Available data:
● ● ●
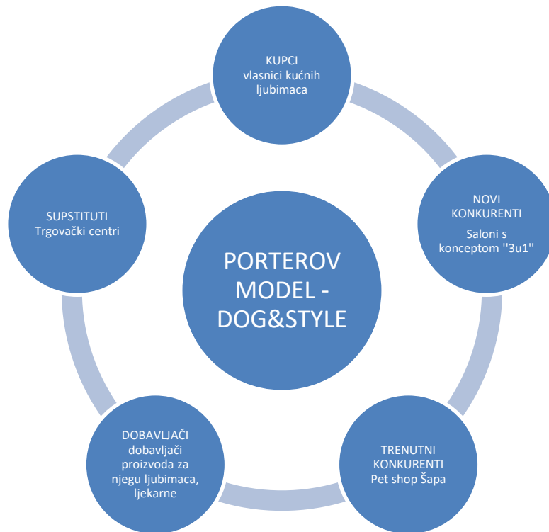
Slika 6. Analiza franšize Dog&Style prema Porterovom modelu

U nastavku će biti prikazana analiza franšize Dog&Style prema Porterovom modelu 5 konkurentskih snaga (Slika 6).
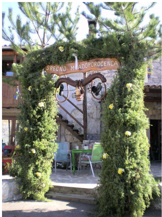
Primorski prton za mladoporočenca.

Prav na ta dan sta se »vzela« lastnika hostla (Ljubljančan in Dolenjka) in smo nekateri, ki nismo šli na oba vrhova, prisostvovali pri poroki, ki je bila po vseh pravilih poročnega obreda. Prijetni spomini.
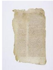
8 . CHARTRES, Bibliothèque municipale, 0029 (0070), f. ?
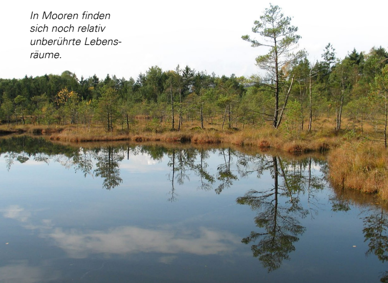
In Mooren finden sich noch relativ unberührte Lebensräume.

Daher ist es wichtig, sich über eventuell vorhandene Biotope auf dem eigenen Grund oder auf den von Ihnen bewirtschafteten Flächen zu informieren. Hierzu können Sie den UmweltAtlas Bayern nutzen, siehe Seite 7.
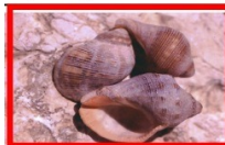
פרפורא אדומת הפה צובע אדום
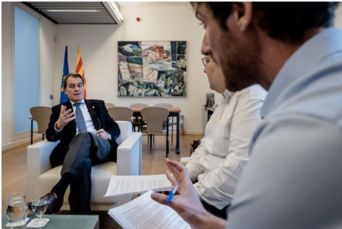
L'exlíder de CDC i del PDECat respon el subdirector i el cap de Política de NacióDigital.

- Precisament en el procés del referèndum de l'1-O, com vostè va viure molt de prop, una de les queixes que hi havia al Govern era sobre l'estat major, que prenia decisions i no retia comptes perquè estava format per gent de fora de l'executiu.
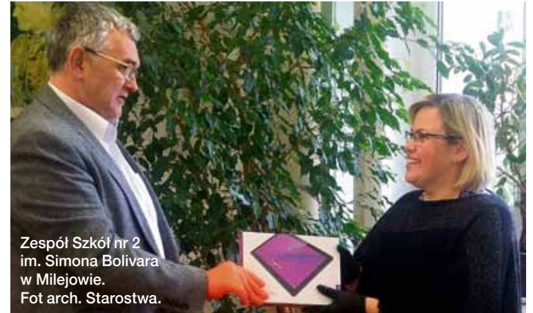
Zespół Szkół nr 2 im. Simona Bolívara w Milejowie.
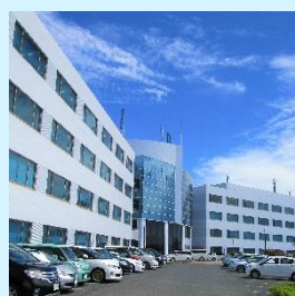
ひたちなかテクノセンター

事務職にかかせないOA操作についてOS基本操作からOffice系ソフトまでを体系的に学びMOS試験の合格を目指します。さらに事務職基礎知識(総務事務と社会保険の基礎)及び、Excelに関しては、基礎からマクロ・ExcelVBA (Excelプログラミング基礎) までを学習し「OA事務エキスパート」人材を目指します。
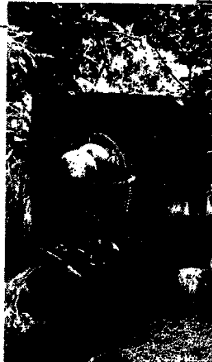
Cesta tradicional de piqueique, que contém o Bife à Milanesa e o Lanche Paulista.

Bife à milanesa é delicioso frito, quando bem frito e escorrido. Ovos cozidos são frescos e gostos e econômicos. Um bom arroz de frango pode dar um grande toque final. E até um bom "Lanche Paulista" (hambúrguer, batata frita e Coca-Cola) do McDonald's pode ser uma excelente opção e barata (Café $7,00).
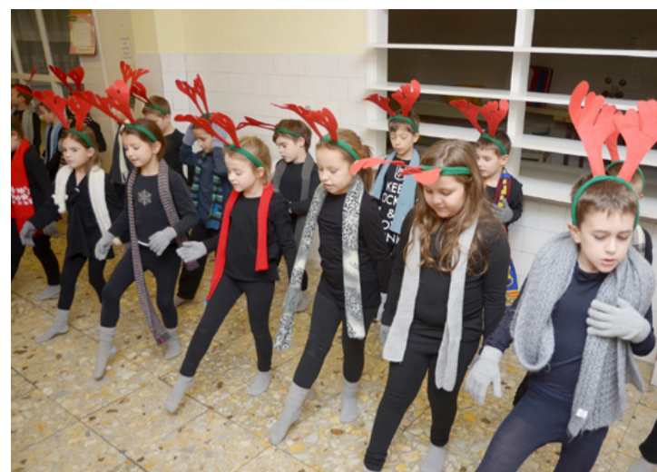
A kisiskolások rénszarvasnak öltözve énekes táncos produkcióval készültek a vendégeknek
● ● ●
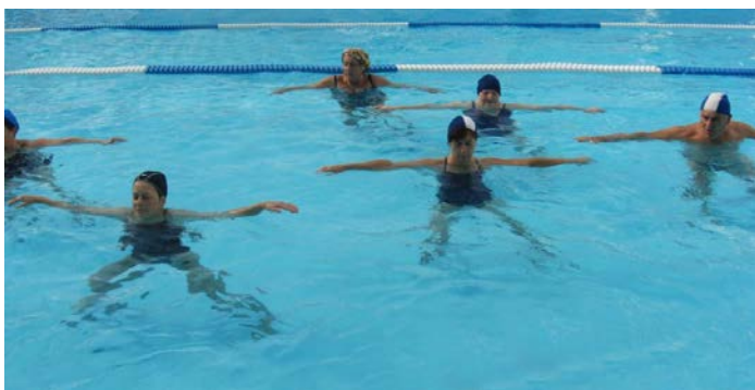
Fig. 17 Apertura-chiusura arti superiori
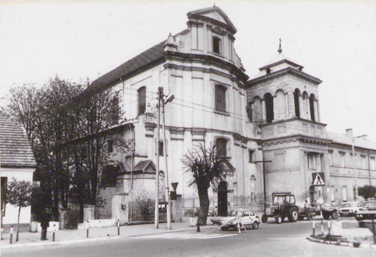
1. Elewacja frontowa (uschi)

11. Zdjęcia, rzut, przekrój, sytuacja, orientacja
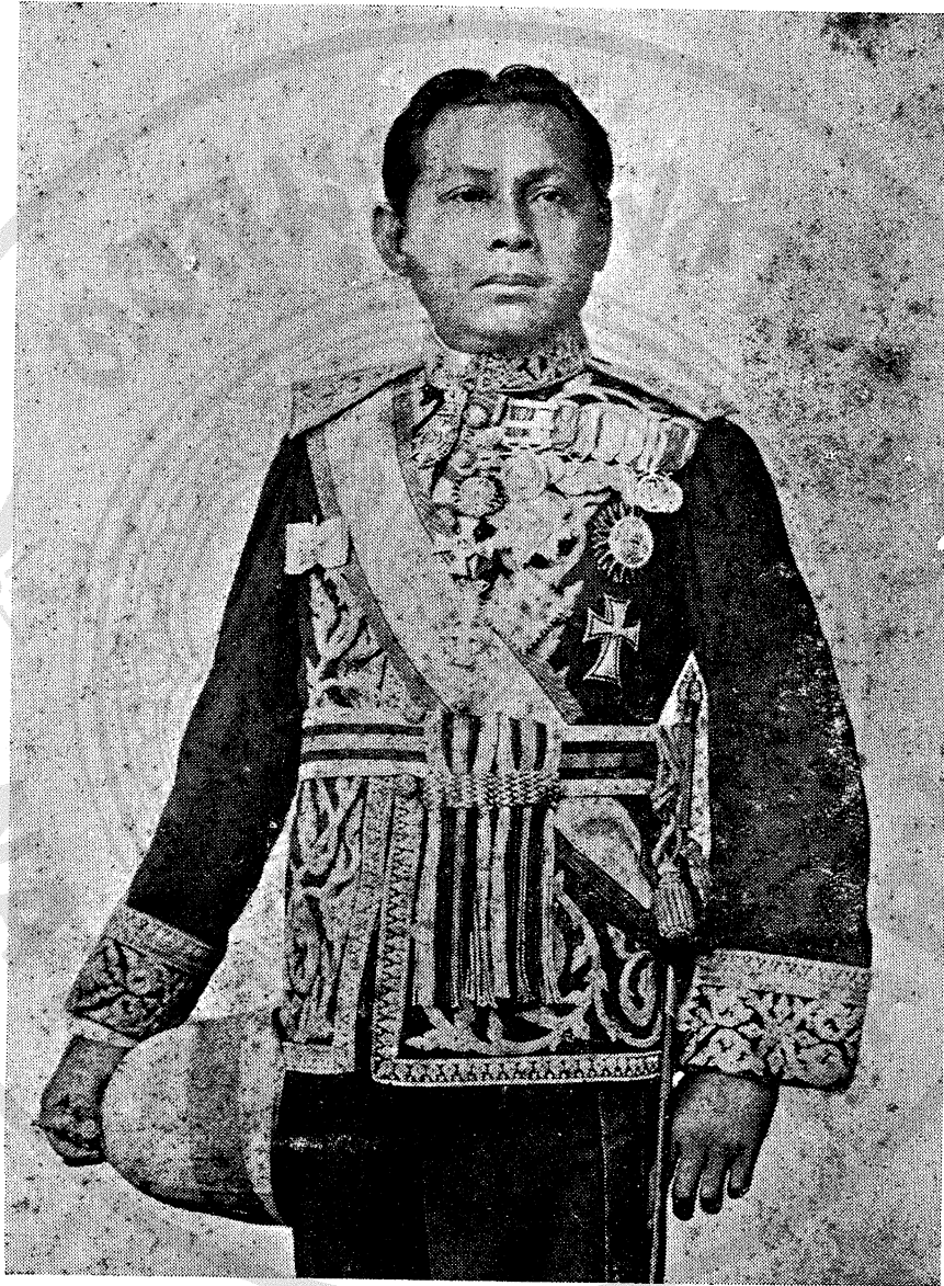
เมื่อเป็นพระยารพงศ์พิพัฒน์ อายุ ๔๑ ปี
● ● ●
Work instruction: Copy exactly the part of the material above that opens with the line containing "1. Elewacja frontowa (uschi)" and closes with the line containing "เมื่อเป็นพระยารพงศ์พิพัฒน์ อายุ ๔๑ ปี", ends included. Drop the images.

Written response:
1. Elewacja frontowa (uschi)

11. Zdjęcia, rzut, przekrój, sytuacja, orientacja
เมื่อเป็นพระยารพงศ์พิพัฒน์ อายุ ๔๑ ปี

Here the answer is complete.